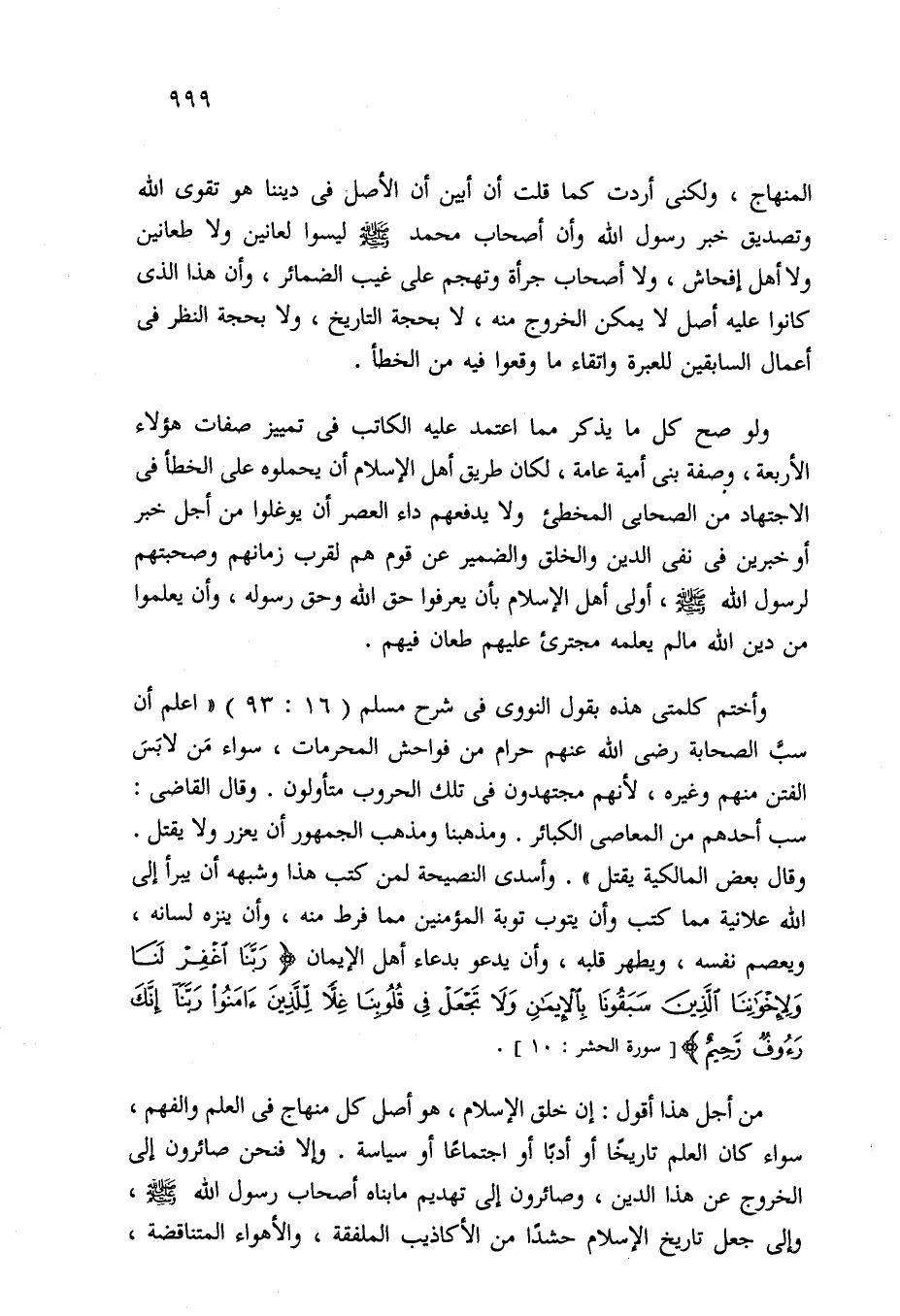 المنهاج، ولكني أردت كما قلت أن أبين أن الأصل في ديننا هو تقوى الله وتصديق خبر رسول الله وأن أصحاب محمد - صلى الله عليه وسلم - ليسوا لعانين ولا طعانين ولا أهل إفحاش، ولا أصحاب جرأة وتهجم على غيب الضمائر، وأن هذا الذي كانوا عليه أصل لا يمكن الخروج منه، لا بحجة التاريخ، ولا بحجة النظر في أعمال السابقين للعبرة واتقاء ما وقعوا فيه من الخطأ.
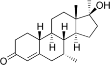 Mibolerone, also known as 7α,17α-dimethyl-19-nortestosterone (DMNT) or as 7α,17α-dimethylestr-4-en-17β-ol-3-one,[8] is a synthetic estrane steroid and a 17α-alkylated derivative of nandrolone (19-nortestosterone). It is the 17α-methyl derivative of trestolone (7α-methyl-19-nortestosterone; MENT).[8] Other related AAS include metribolone (17α-methyl-δ9,11-19-nortestosterone) and dimethyltrienolone (7α,17α-dimethyl-δ9,11-19-nortestosterone).
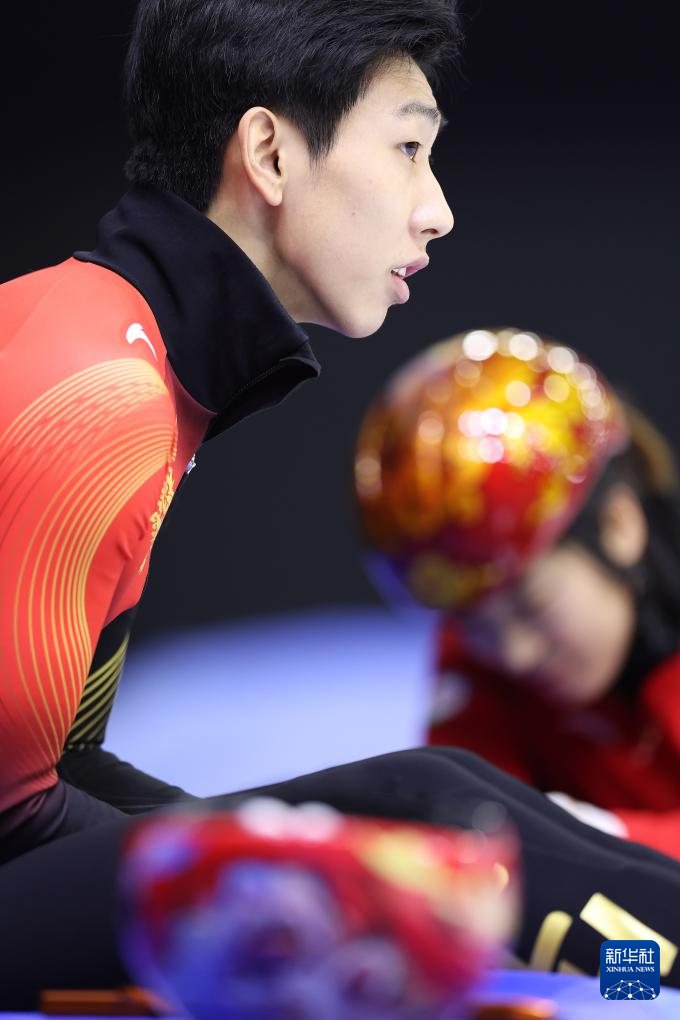 1月29日,中國(guó)短道速滑隊(duì)選手林孝埈在訓(xùn)練前做準(zhǔn)備。
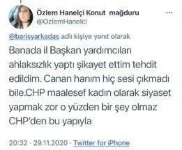 ÖZLEM Hanelçi CHP'li bir aileden geldiğini söyleyerek "Babaannem Dolmabahçe'ye gelin gelmiş. Atatürk'ün akrabalarıyız. Selanik'ten geliyoruz. Şikâyet etsem ne olacak ki, kim duyuyor? Hatta kadın kabahatliymiş gibi davranıyorlar. Bu yüzden savcılığa başvurmadım. Ancak iki yıl önce CHP Avcılar İlçe teşkilatında uğradığım bir tacizle ilgili savcılığa şikâyette bulundum. Parti hiçbir şey yapmadı..." dedi.
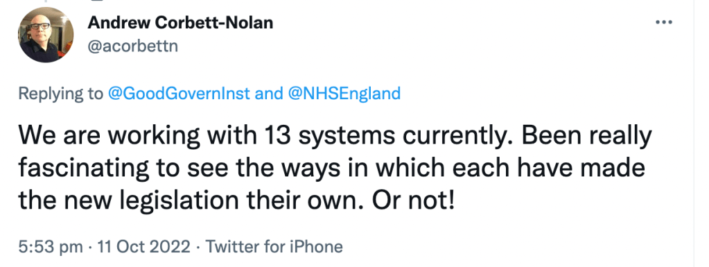 “GGI is currently working with ICSs to review their governance arrangements, and, through our networks and events, we are developing thinking on how ICSs should approach their first end of year review.”

▬▬▬

• [Your assignment]: Output the material above exactly as written and drop any images it holds.

• [Response area]:
 المنهاج، ولكني أردت كما قلت أن أبين أن الأصل في ديننا هو تقوى الله وتصديق خبر رسول الله وأن أصحاب محمد - صلى الله عليه وسلم - ليسوا لعانين ولا طعانين ولا أهل إفحاش، ولا أصحاب جرأة وتهجم على غيب الضمائر، وأن هذا الذي كانوا عليه أصل لا يمكن الخروج منه، لا بحجة التاريخ، ولا بحجة النظر في أعمال السابقين للعبرة واتقاء ما وقعوا فيه من الخطأ.
 Mibolerone, also known as 7α,17α-dimethyl-19-nortestosterone (DMNT) or as 7α,17α-dimethylestr-4-en-17β-ol-3-one,[8] is a synthetic estrane steroid and a 17α-alkylated derivative of nandrolone (19-nortestosterone). It is the 17α-methyl derivative of trestolone (7α-methyl-19-nortestosterone; MENT).[8] Other related AAS include metribolone (17α-methyl-δ9,11-19-nortestosterone) and dimethyltrienolone (7α,17α-dimethyl-δ9,11-19-nortestosterone).
 1月29日,中國(guó)短道速滑隊(duì)選手林孝埈在訓(xùn)練前做準(zhǔn)備。
 ÖZLEM Hanelçi CHP'li bir aileden geldiğini söyleyerek "Babaannem Dolmabahçe'ye gelin gelmiş. Atatürk'ün akrabalarıyız. Selanik'ten geliyoruz. Şikâyet etsem ne olacak ki, kim duyuyor? Hatta kadın kabahatliymiş gibi davranıyorlar. Bu yüzden savcılığa başvurmadım. Ancak iki yıl önce CHP Avcılar İlçe teşkilatında uğradığım bir tacizle ilgili savcılığa şikâyette bulundum. Parti hiçbir şey yapmadı..." dedi.
 “GGI is currently working with ICSs to review their governance arrangements, and, through our networks and events, we are developing thinking on how ICSs should approach their first end of year review.”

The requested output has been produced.